- DIRECTIONS:
Output each line exactly as written, from the first line of the records to the line bearing "Confident man rests", inclusive, while leaving every picture out.

- AVAILABLE RECORDS:
= = = = = = =

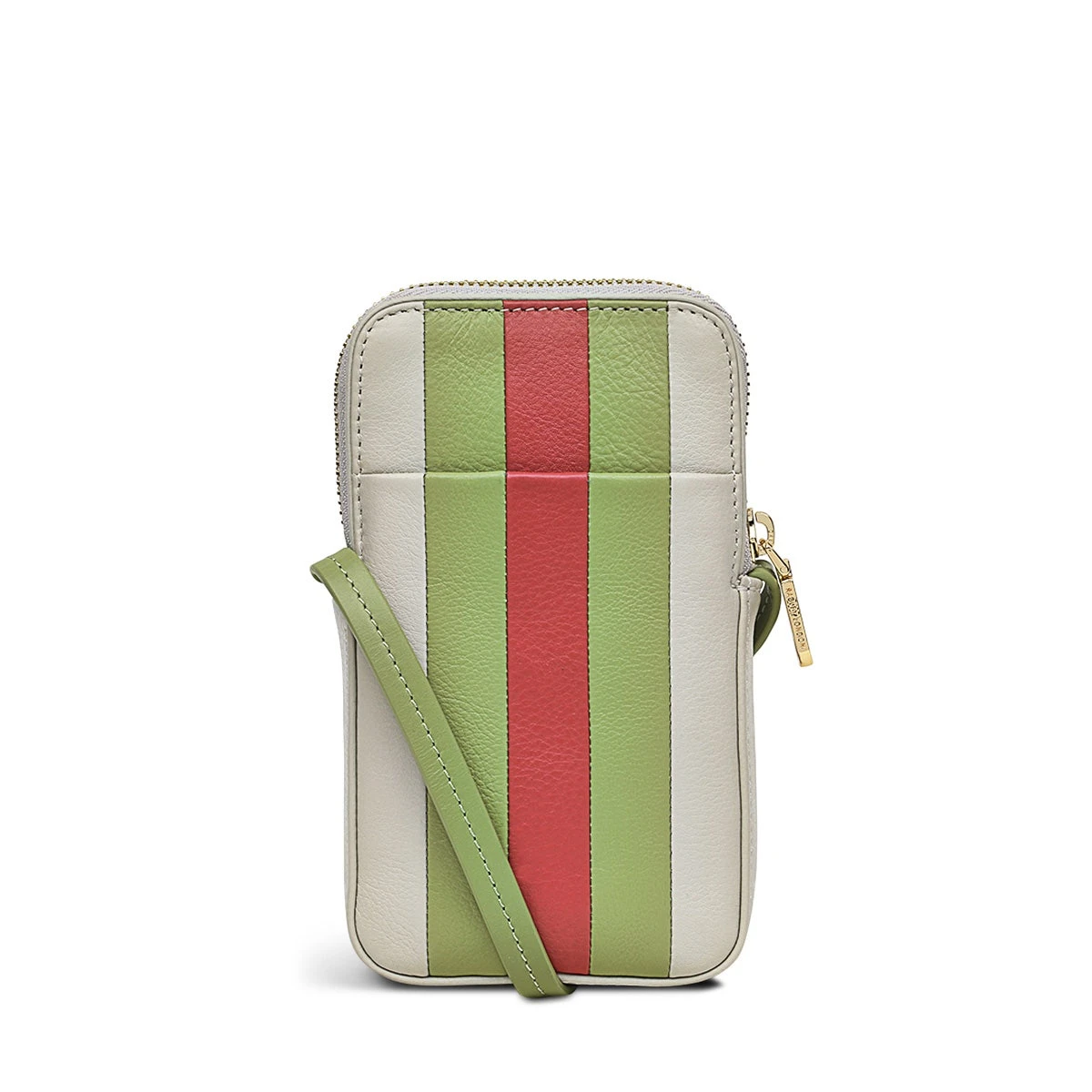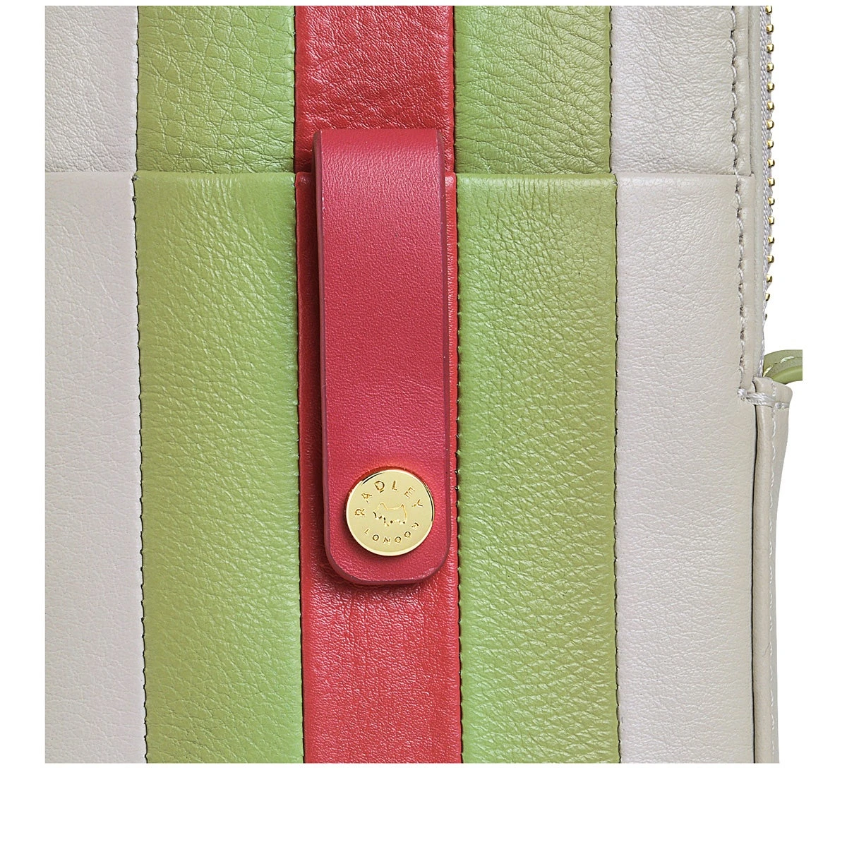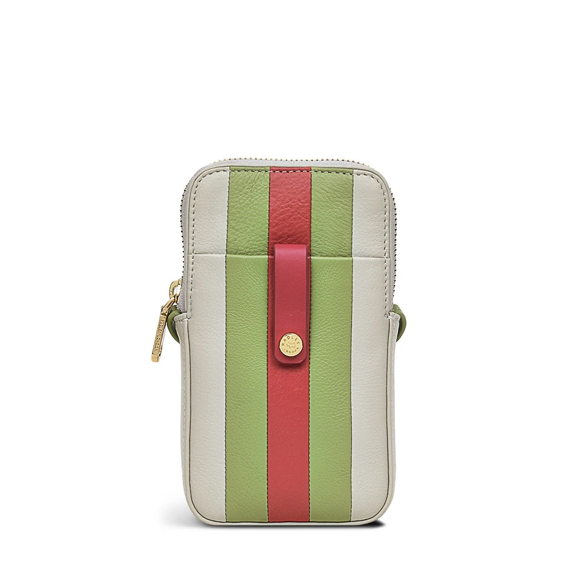 A new addition to an iconic collection. This phone cross body bag joins the Larkswood 2.0 purses with the same press stud tab, branded rivet stud and a few interior card slots. A colourful, handy accessory crafted using striped panels of soft grained leather and an adjustable strap.
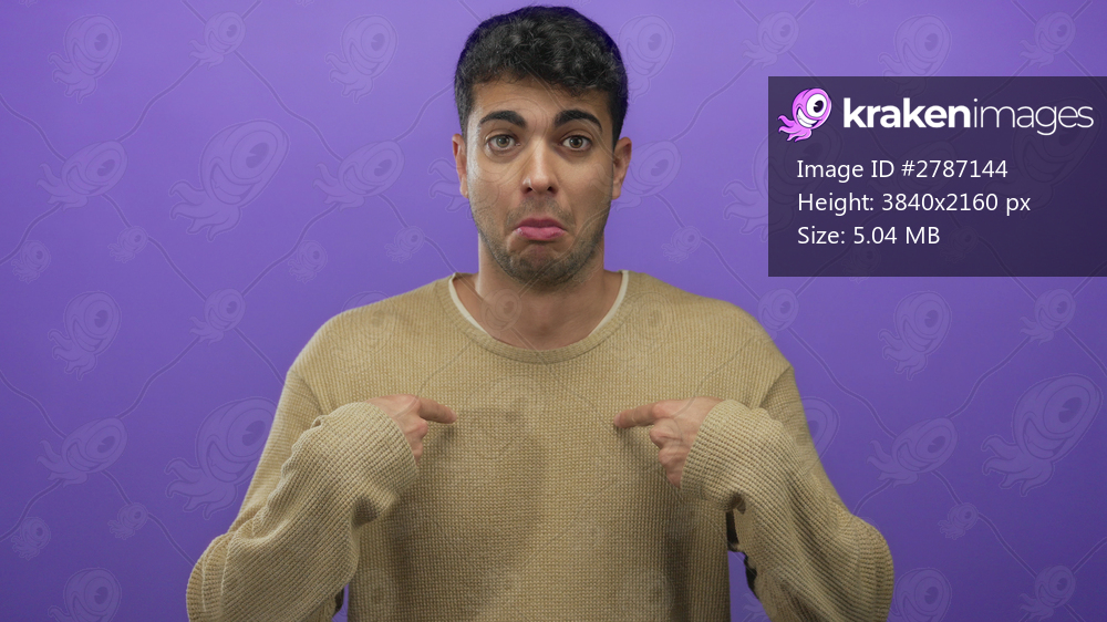 Confident man rests finger on chest and point self in front of a vibrant background where hispanic energy blends with young male gesture art inside a bright studio bathed in purple. - Kraken Images
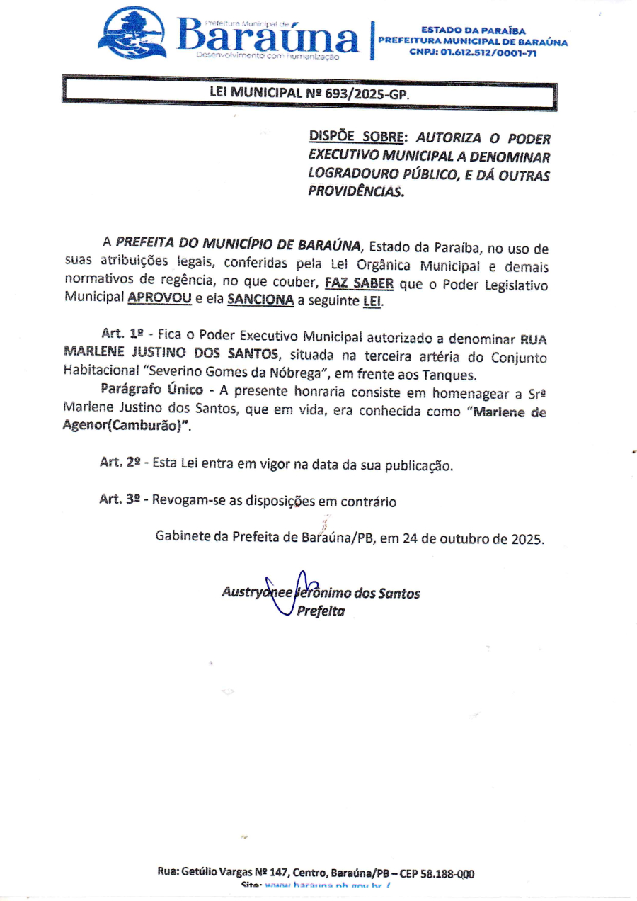 LEI MUNICIPAL Nº 693/2025-GP - DISPÕE SOBRE: AUTORIZA O PODER EXECUTIVO MUNICIPAL A DENOMINAR LOGRADOURO PÚBLICO, E DA OUTRAS PROVIDENCIAS. - 11 DE NOVEMBRO DE 2025.
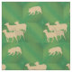 This herding design use shadow silhouettes of a Border Collie herding Sheep. The dog and sheep silhouettes march across a background of various tones of green.
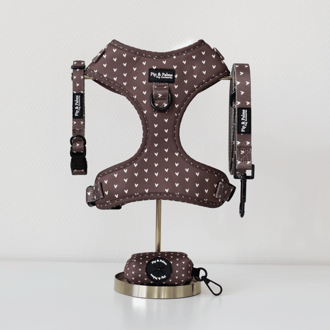 Szelki Pip & Palms Dog Harness Choco Loco Love powstały z inspiracji codziennością z psem — pełną ruchu, wspólnych chwil i bliskości. Stonowana paleta brązów z delikatnym wzorem w serca tworzy harmonijny, naturalny look.
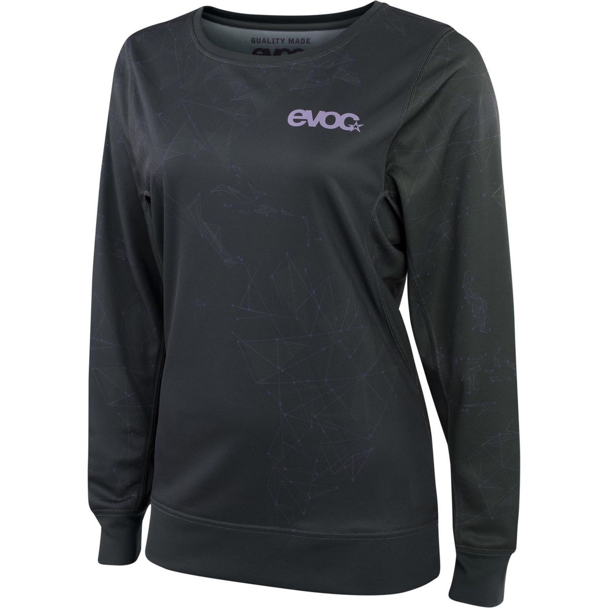 Jersey de manga larga para mujer de la marca EVOC, ideal para ciclismo y actividades deportivas. Confeccionado en poliéster transpirable y resistente, ofrece comodidad y ajuste ergonómico. Diseño en negro con detalles geométricos sutiles y logotipo discreto en el pecho. Perfecto para entrenamientos y salidas en bicicleta en climas frescos.
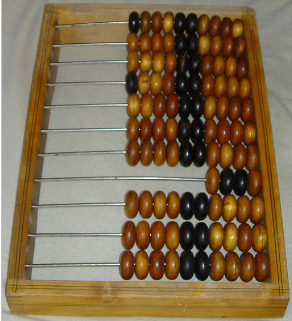 Стержни абака в арифметическом смысле представляют собой десятичные разряды. Каждая костяшка на первом стержне имеет достоинство 1, на втором стержне - 10, на третьем стержне - 100 и т.д. До XVII века счеты оставались практически единственным счетным инструментом.
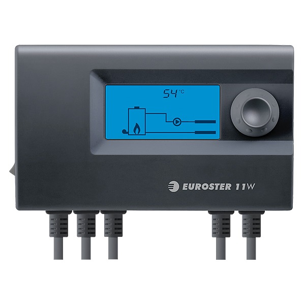 Euroster 11W – это современный контроллер, предназначенный для твердотопливного котла регулирующий температуру воды в системе отопления, что позволяет избежать лишнего перерасхода топлива и добиться комфортной температуры в доме. Регулировка осуществляется путём управления вентилятором (нагнетание воздуха в топку). Также блок управления контролирует работу циркуляционного насоса. Блок управления 11W оснащен LCD дисплеем и имеет много разных настроек – от отдельных гистерезисов на вентилятор и насос ц.о, времени продувки и перерыва между продувками, до корректировки показаний температуры. С этим оборудованием Вы легко добьетесь уменьшения расхода топлива и более длительной работы
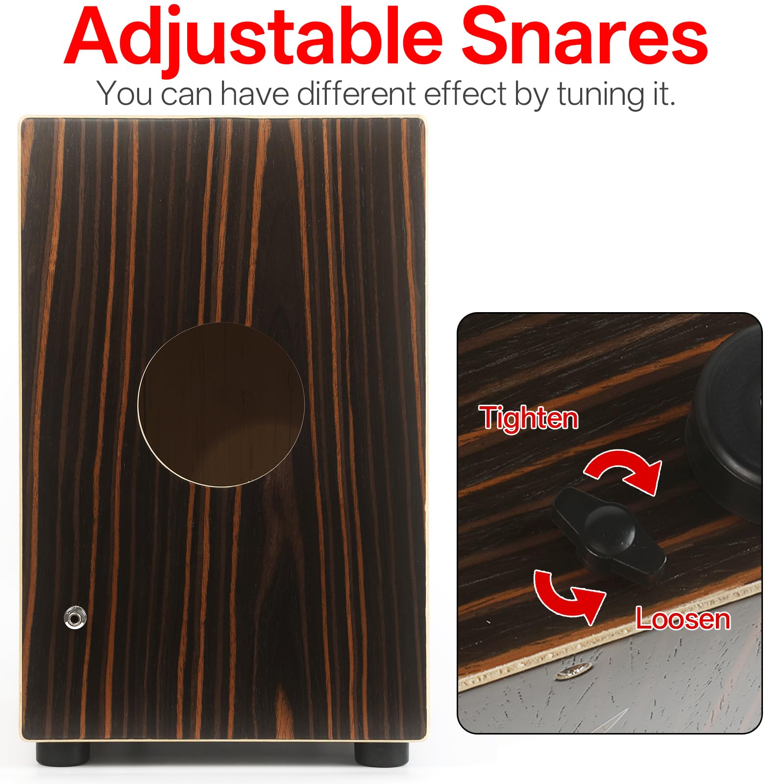 Upgrade Tuning :Just rotate the tuning button counterclockwise or clockwise to get the sound you want,do not need a wrench, but we make adjustments before leaving the factory.The Cajon drum is an Ideal percussion instrument for acoustic shows and jam session
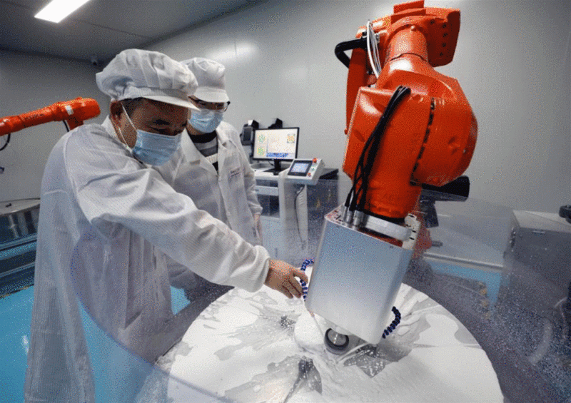 走进秦创原(沣东)创智云谷西安砺芯慧感科技有限公司(以下简称“砺芯慧感”)的千级净化车间里,全自动激光调阻机正在开足马力生产薄膜铂电阻传感器芯体,技术工人分别用旁边的两台镀膜机进行铂金薄膜加工和相关传感的工艺试验。
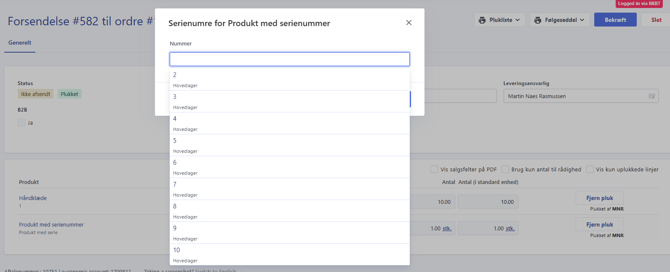 Er der ikke valgt serienummer på ordren, må det vælges ved bekræftelse af forsendelse.
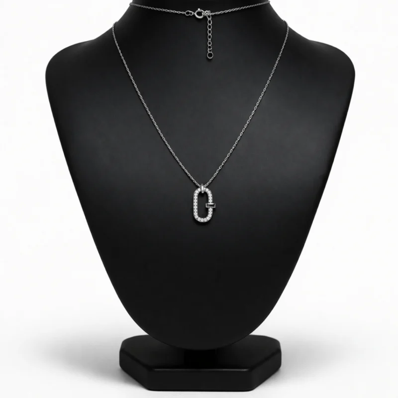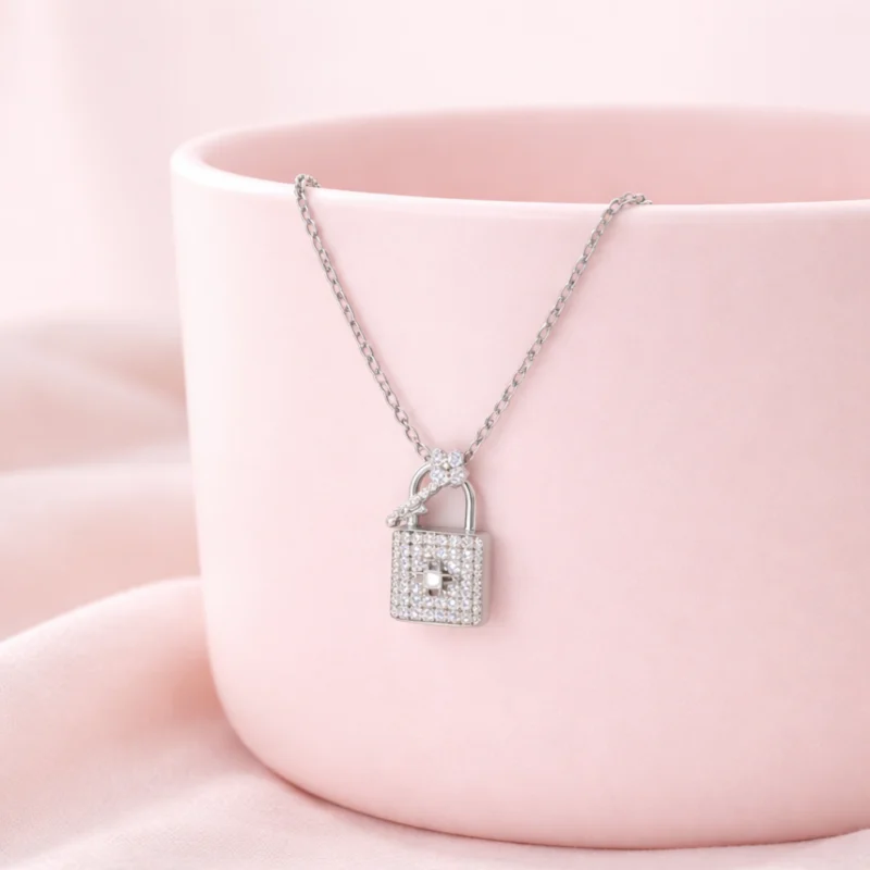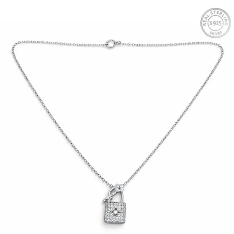 Crystal Lock & Key Pendant Necklace for Women 92.5 Silver
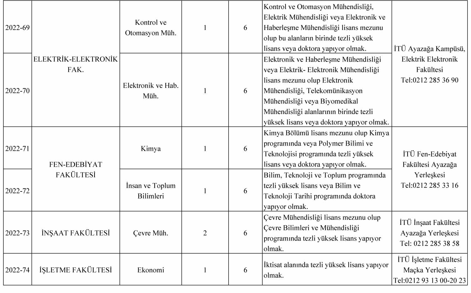 Adayları ilgilendiren başvuru ve atama süreci ile ilgili tüm bilgilendirmeler Üniversitemizin web sayfasından (https://www.itu.edu.tr/duyurular) yapılacak olup adaylara ayrıca yazılı tebligat yapılmayacaktır.
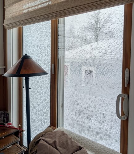 blizzard I’m told there’s a lot of snow falling, but I can’t really see out the window to confirm. I’m also assuming our neighbors’ homes are still there.
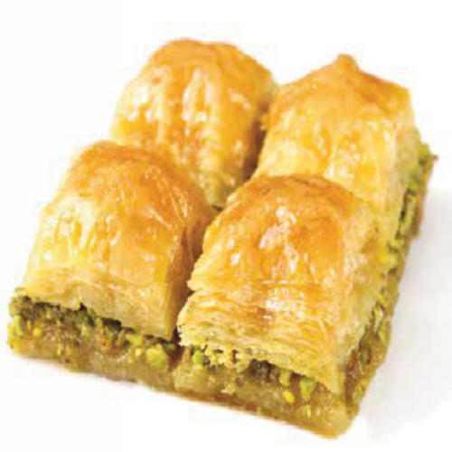 "It is prepared by using an average of 40 layers of phyllo. Green pistachio, known as gray pistachio, grown in Gaziantep and its region is used. The oil we use is an oil obtained from the Van region, which is defined as "Plain Oil".Baklava is baked in an oven at 160 degrees for 45 minutes. "

= = = = = = =

- ANSWER AREA:
 A new addition to an iconic collection. This phone cross body bag joins the Larkswood 2.0 purses with the same press stud tab, branded rivet stud and a few interior card slots. A colourful, handy accessory crafted using striped panels of soft grained leather and an adjustable strap.
 Confident man rests finger on chest and point self in front of a vibrant background where hispanic energy blends with young male gesture art inside a bright studio bathed in purple. - Kraken Images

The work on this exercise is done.